*What the exercise asks:* Starting with the line that holds "2023年9月12日,由北京" and stopping after the line that holds "മിസ്റ്റർ കേരള ഫാഷൻ", repeat the lines below word for word, without the pictures.

*Information supplied:*
****************************************

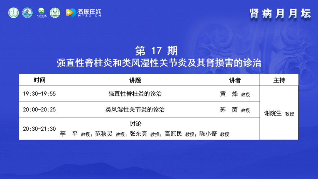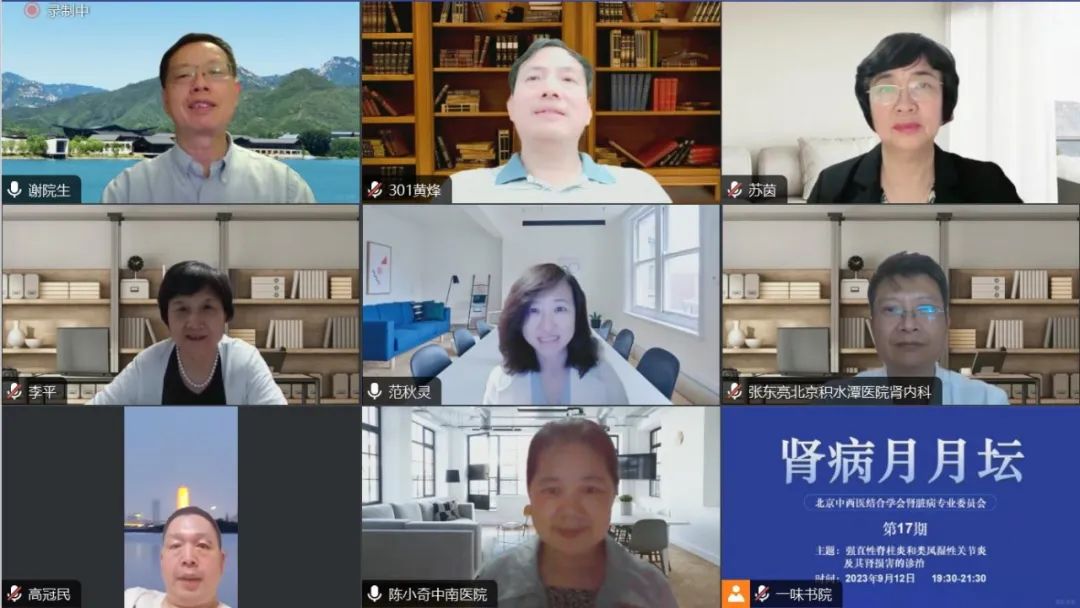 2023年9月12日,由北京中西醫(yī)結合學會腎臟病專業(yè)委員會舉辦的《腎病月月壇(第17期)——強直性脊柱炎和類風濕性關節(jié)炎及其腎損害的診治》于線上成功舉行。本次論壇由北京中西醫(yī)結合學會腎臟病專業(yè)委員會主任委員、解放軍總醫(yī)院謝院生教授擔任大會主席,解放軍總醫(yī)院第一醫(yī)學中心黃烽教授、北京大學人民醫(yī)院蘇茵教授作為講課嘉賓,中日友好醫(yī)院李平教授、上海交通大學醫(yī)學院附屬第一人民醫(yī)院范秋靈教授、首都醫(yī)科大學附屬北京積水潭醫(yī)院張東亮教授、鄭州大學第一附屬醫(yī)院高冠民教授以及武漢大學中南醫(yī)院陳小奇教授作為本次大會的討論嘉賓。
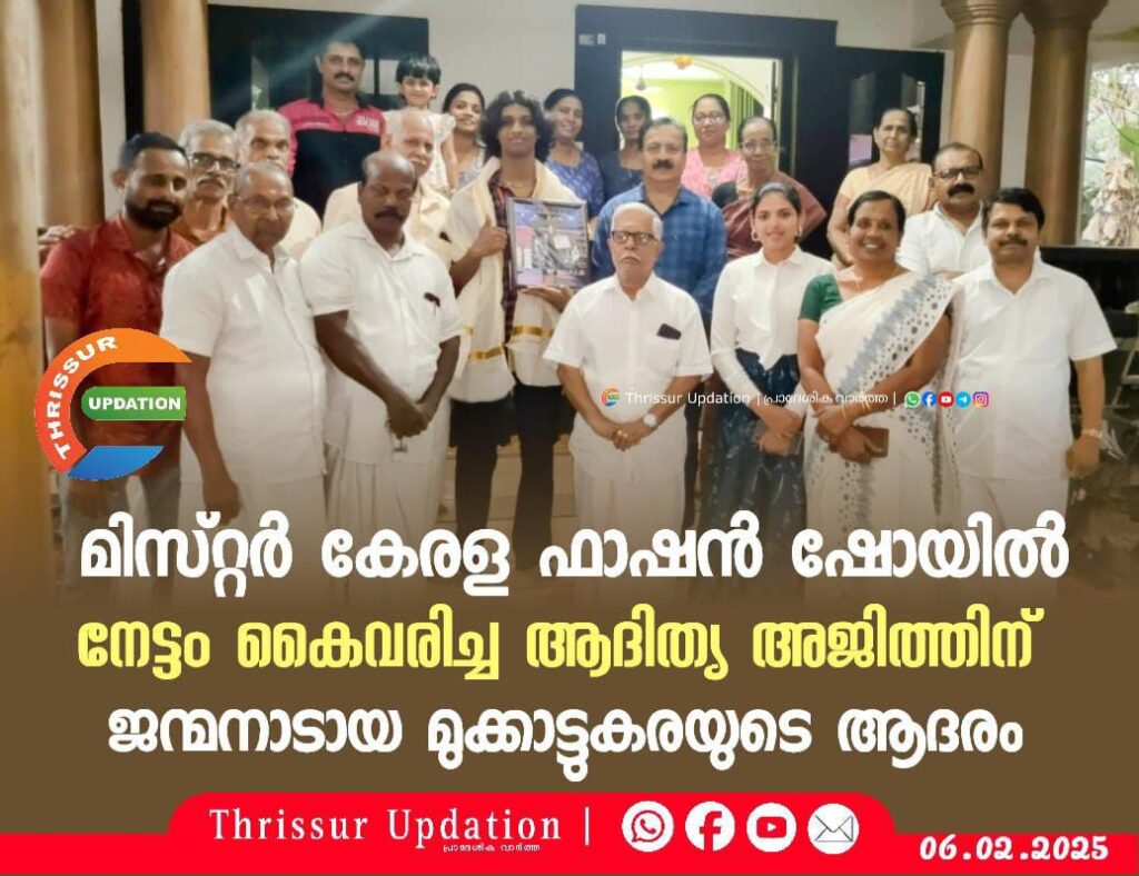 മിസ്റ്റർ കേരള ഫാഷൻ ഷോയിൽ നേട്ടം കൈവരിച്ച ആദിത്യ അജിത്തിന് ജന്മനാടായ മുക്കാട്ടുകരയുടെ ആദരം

****************************************

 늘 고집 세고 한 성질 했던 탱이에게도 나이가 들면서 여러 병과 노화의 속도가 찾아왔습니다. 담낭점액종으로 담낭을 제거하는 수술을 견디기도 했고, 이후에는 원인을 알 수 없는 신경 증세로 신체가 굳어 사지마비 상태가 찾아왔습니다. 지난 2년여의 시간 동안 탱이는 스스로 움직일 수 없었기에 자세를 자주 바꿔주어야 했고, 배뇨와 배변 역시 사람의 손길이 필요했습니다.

****************************************

*Output for this exercise:*
 2023年9月12日,由北京中西醫(yī)結合學會腎臟病專業(yè)委員會舉辦的《腎病月月壇(第17期)——強直性脊柱炎和類風濕性關節(jié)炎及其腎損害的診治》于線上成功舉行。本次論壇由北京中西醫(yī)結合學會腎臟病專業(yè)委員會主任委員、解放軍總醫(yī)院謝院生教授擔任大會主席,解放軍總醫(yī)院第一醫(yī)學中心黃烽教授、北京大學人民醫(yī)院蘇茵教授作為講課嘉賓,中日友好醫(yī)院李平教授、上海交通大學醫(yī)學院附屬第一人民醫(yī)院范秋靈教授、首都醫(yī)科大學附屬北京積水潭醫(yī)院張東亮教授、鄭州大學第一附屬醫(yī)院高冠民教授以及武漢大學中南醫(yī)院陳小奇教授作為本次大會的討論嘉賓。
 മിസ്റ്റർ കേരള ഫാഷൻ ഷോയിൽ നേട്ടം കൈവരിച്ച ആദിത്യ അജിത്തിന് ജന്മനാടായ മുക്കാട്ടുകരയുടെ ആദരം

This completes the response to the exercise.